November 8th, 2009 by dijanamak Leave a reply »

After reading about the Google Federation Protocol, I could not sleep… was contemplating how this effects the future of software protocols, or, in best case, can serve as an example for the hardware industry or any other technology. Google Wave Federation Protocol, is revolutionizing the way we communicate, and yet, they are involving the whole community and building a new ‘wave’ in the global progress. They are not wrapping the innovation around them and money, they are collaborating with the development community to make a global leap! Way to go!

I’ll try to elaborate why is this a crucial issue for me, in the world of innovations.

I have often thought about how changes in technology are irreversible. The possible bad choices of default implementations, whether influenced by economics of scale, or by simple taking for granted are haunting us even today. Taking into consideration that technical changes are mostly influenced by its antecedents, even when random, they may have a weight of its own.
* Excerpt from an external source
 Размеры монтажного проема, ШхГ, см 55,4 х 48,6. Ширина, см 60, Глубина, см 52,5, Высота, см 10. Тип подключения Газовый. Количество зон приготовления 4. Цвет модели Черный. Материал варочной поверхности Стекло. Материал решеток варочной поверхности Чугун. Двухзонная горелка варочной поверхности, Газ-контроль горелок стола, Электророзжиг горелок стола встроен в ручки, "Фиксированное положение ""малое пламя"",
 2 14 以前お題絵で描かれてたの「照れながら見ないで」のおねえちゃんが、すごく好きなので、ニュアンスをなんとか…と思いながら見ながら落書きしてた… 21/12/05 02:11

Here is a perfect example. We are stuck with the “QUERTY” typewriter keyboard, because of the irreversibly of acquired system-scaled economics, prior investments in education and equipment. Therefore, technological change does not have the reversible and ergodic qualities of most market phenomena. This aspect gives the appearance of autonomy to technological momentum, leading us to believe that invention is the mother of necessity, not the reverse.
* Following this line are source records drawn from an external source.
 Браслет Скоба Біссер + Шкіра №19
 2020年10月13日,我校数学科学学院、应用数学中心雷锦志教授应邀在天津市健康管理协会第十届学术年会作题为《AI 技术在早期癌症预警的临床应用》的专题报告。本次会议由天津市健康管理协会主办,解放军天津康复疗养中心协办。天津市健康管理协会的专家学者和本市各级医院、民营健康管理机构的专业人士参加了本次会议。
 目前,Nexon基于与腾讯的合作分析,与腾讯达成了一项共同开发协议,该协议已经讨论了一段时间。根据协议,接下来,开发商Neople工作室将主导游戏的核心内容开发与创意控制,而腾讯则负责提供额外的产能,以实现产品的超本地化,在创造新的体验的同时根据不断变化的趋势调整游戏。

Believe it or not, the QWERTY keyboard is actually designed to slow typing speed. Early typewriters had problems with the plates jamming in the mechanical arms if users typed too quickly. Christopher Sholes invented the QWERTY keyboard layout to force typists to type slower so that typewriters wouldn’t jam. QWERTY became the model in typewriter production and the standard for business use.

We are surrounded by things—tools, technologies, ideas, institutions. They make us who we are. It is the era when the layers of Maslow’s hierarchy of needs are no longer viable, because no technological factors are in-calculated. As our creations evolve, these status-quo elements adapt to changing needs, but often they retain vestigial traits, throwbacks to earlier times. There’s just not enough momentum to switch!

So it seems we’re stuck with QWERTY. And not just that! We are sometimes stuck with ancient working processes in our companies. We are stuck with outdated educational programs. And most of the people are not even bothered with that?

Are we too lazy? Or, there is nothing in it, for us?

I have few dilemmas, though, for the other innovation segments:

Is it because we are mostly creatures of habits and stability in what we already know, instead of creatures that want progress?
Has the entropy already entered because we refuse to put energy in some areas and does it create weak links to evolution?
Do we just wait for somebody else to react, and is that somebody always the one who has financial interest in the changes?